- THE DATA:
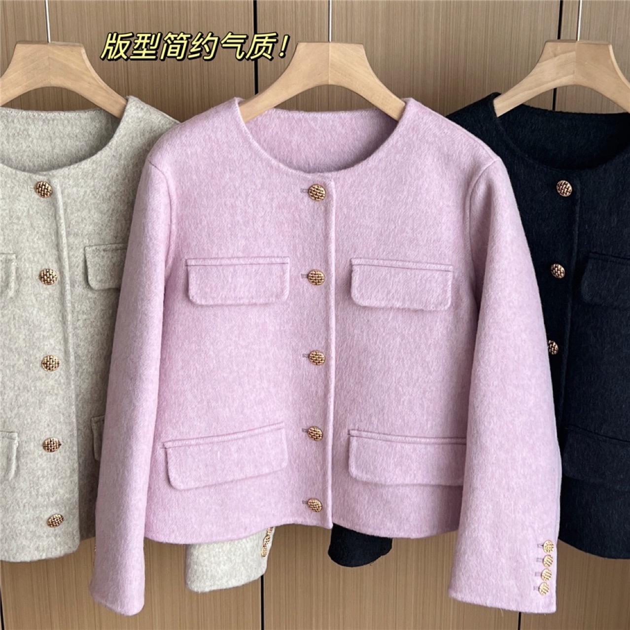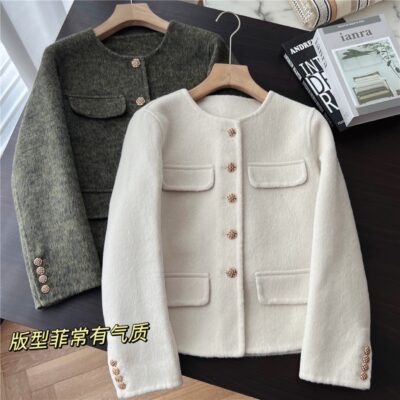 Chống mùa phúc lợi phong cách nước ngoài lông thỏ Angora 2 mặt thủ công len gió thơm Áo khoác len nữ thu đông SM0617W
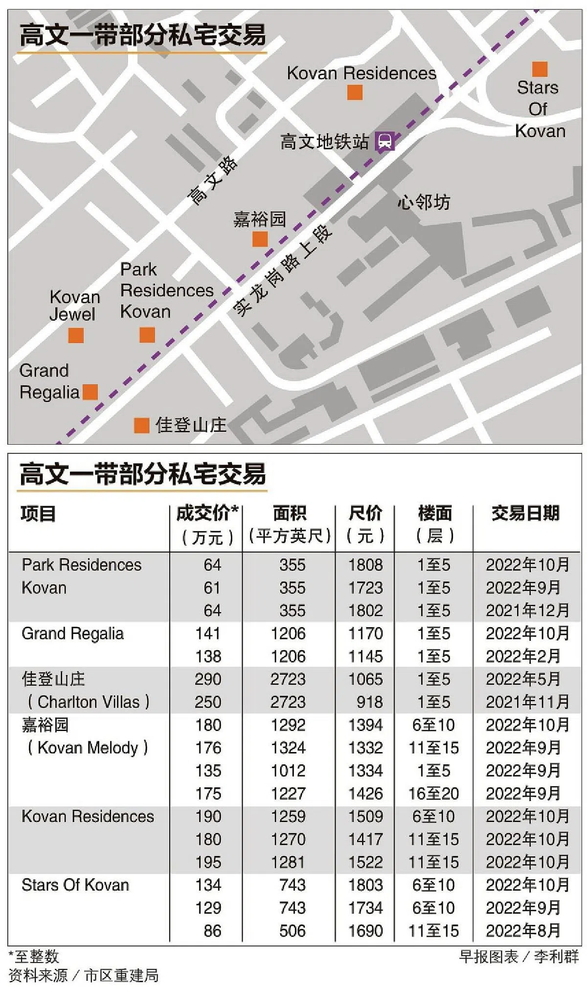 嘉裕园旁的Kovan Residences共有521个单位,建于2011年,屋龄较小,价格也稍高一些,最近一个单位成交尺价为1509元。
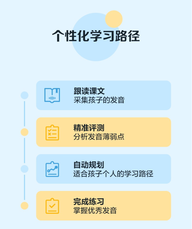 五个步骤形成了良好的学习循环,让孩子的口语学习事半功倍,有效避免只学不练、学习无规划等问题,让口语提升看得见。
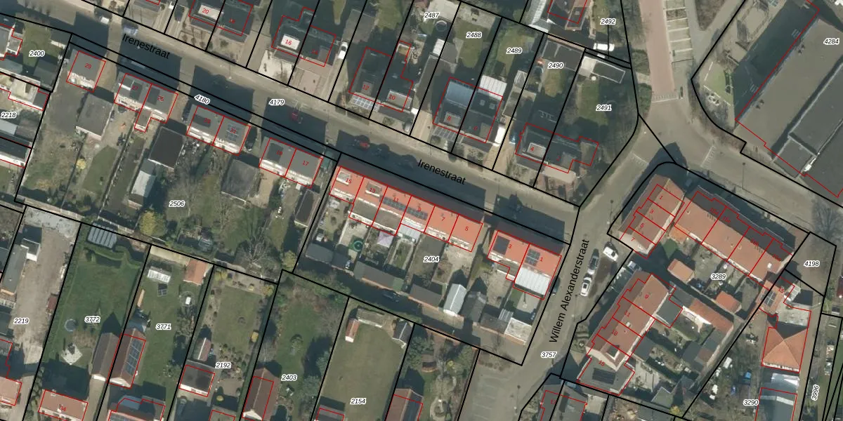 Irenestraat 9 is gelegen op kadastraal perceel HVN00G2404. Deze kadastrale aanduiding is uniek en wordt gebruikt door het Kadaster om eigendomsrechten en andere zakelijke rechten vast te leggen. Het perceel maakt onderdeel uit van de kadastrale gemeente Hoeven.
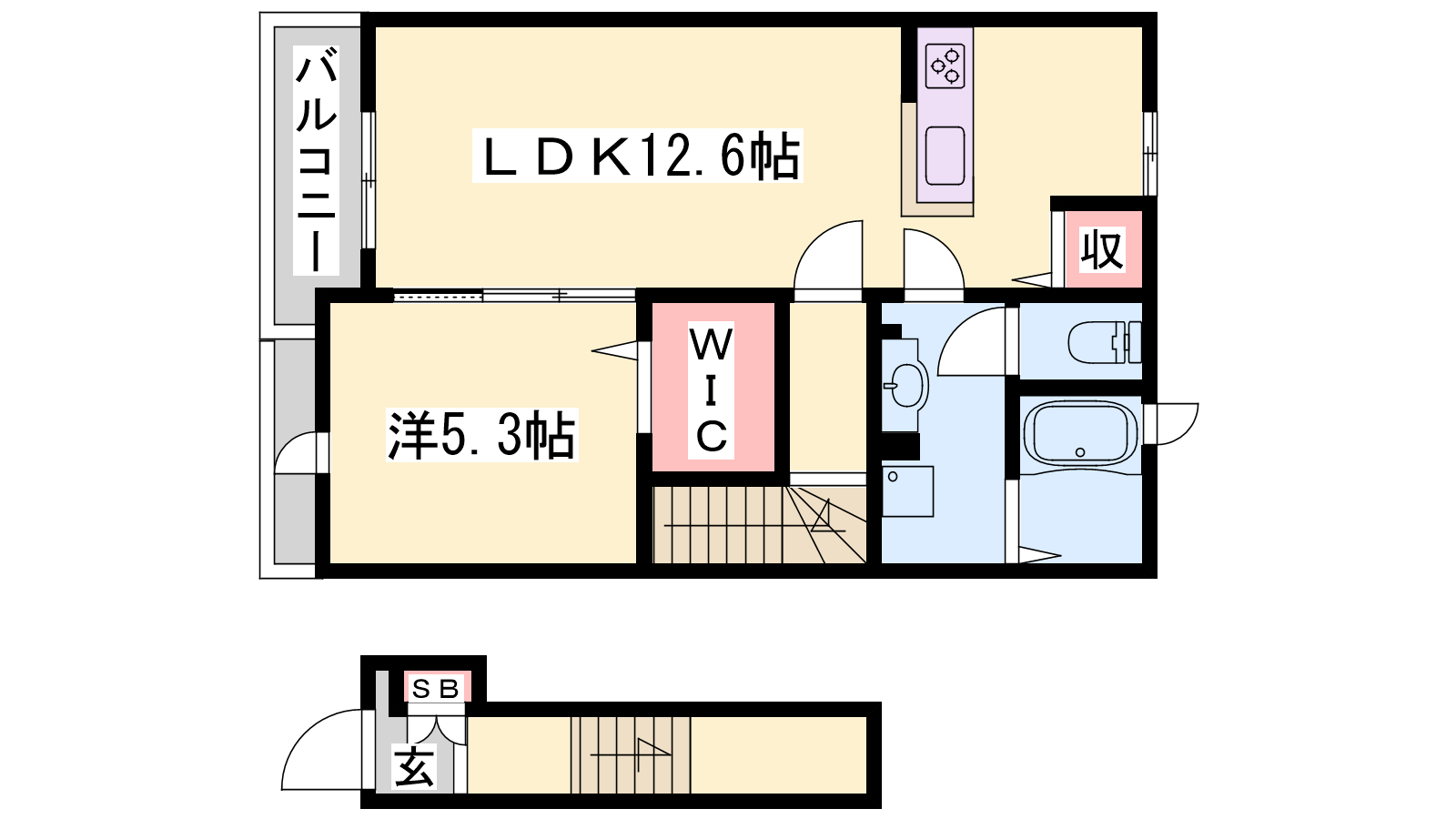 - LDK12.6帖、洋室5.3帖
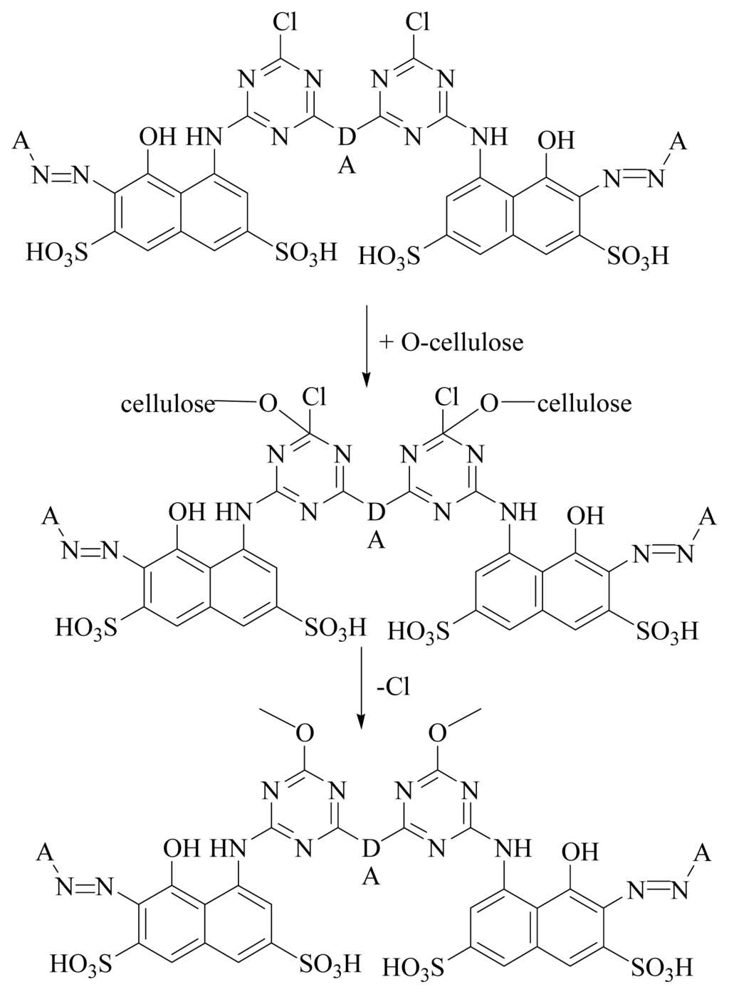 Mechanism of Reactive Dyes: Reactive dyes are nitrogen-containing heterocyclic rings bearing halogen substituents, therefore, undergo nucleophilic substitution reaction with the cellulose fiber. The heteroatom activates the system for nucleophilic attack due to its electro-negativity. The attacking nucleophile can be either a cellulose anion or a hydroxyl ion. This leads to fixation on the fabric after hydrolysis occurs of the reactive dye as shown in Figure 1. In addition, it is also important for a dye molecule to have a high dye-fabric covalent fixation value (F). This value is helpful to measure the dye affinity at the substrate or the amount of dye removed after the “soaping off process”. A high fixation value is helpful to reduce the time limit which is required for the dyeing process and also has an effect on the cost []. Besides, it is a measure of the extent of covalent bonding with the cellulose []. Dye fixation to cellulose fabric is triggered by acid-binding agents such as sodium hydroxide (NaOH), potassium hydroxide (KOH), sodium carbonate (Na2CO3), sodium bicarbonate (NaHCO3), potassium carbonate (K2CO3), sodium formate (HCOONa), sodiumdihydrogen phosphate (NaH2PO4) or disodium hydrogen phosphate (Na2HPO4). Higher fixation efficiency can be achieved by increasing reactive sites at the dye molecule by introducing two or more activating groups which react with the fabric. In this way, unfixed dye concentrations will reduce in the dye bath after dyeing and it becomes more economical and environmentally friendly.
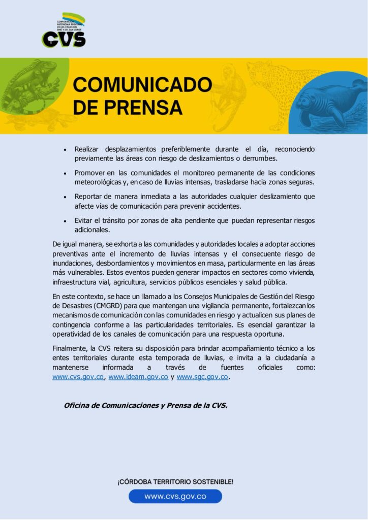 Finalmente, la CVS reitera su disposición para brindar acompañamiento técnico a los entes territoriales durante esta temporada de lluvias, e invita a la ciudadanía a mantenerse informada a través de fuentes oficiales como: www.cvs.gov.co, www.ideam.gov.co y www.sgc.gov.co.

- EXERCISE REQUIREMENTS: Repeat the data exactly. Pictures should not appear.

- FINISHED EXERCISE:
 Chống mùa phúc lợi phong cách nước ngoài lông thỏ Angora 2 mặt thủ công len gió thơm Áo khoác len nữ thu đông SM0617W
 嘉裕园旁的Kovan Residences共有521个单位,建于2011年,屋龄较小,价格也稍高一些,最近一个单位成交尺价为1509元。
 五个步骤形成了良好的学习循环,让孩子的口语学习事半功倍,有效避免只学不练、学习无规划等问题,让口语提升看得见。
 Irenestraat 9 is gelegen op kadastraal perceel HVN00G2404. Deze kadastrale aanduiding is uniek en wordt gebruikt door het Kadaster om eigendomsrechten en andere zakelijke rechten vast te leggen. Het perceel maakt onderdeel uit van de kadastrale gemeente Hoeven.
 - LDK12.6帖、洋室5.3帖
 Mechanism of Reactive Dyes: Reactive dyes are nitrogen-containing heterocyclic rings bearing halogen substituents, therefore, undergo nucleophilic substitution reaction with the cellulose fiber. The heteroatom activates the system for nucleophilic attack due to its electro-negativity. The attacking nucleophile can be either a cellulose anion or a hydroxyl ion. This leads to fixation on the fabric after hydrolysis occurs of the reactive dye as shown in Figure 1. In addition, it is also important for a dye molecule to have a high dye-fabric covalent fixation value (F). This value is helpful to measure the dye affinity at the substrate or the amount of dye removed after the “soaping off process”. A high fixation value is helpful to reduce the time limit which is required for the dyeing process and also has an effect on the cost []. Besides, it is a measure of the extent of covalent bonding with the cellulose []. Dye fixation to cellulose fabric is triggered by acid-binding agents such as sodium hydroxide (NaOH), potassium hydroxide (KOH), sodium carbonate (Na2CO3), sodium bicarbonate (NaHCO3), potassium carbonate (K2CO3), sodium formate (HCOONa), sodiumdihydrogen phosphate (NaH2PO4) or disodium hydrogen phosphate (Na2HPO4). Higher fixation efficiency can be achieved by increasing reactive sites at the dye molecule by introducing two or more activating groups which react with the fabric. In this way, unfixed dye concentrations will reduce in the dye bath after dyeing and it becomes more economical and environmentally friendly.
 Finalmente, la CVS reitera su disposición para brindar acompañamiento técnico a los entes territoriales durante esta temporada de lluvias, e invita a la ciudadanía a mantenerse informada a través de fuentes oficiales como: www.cvs.gov.co, www.ideam.gov.co y www.sgc.gov.co.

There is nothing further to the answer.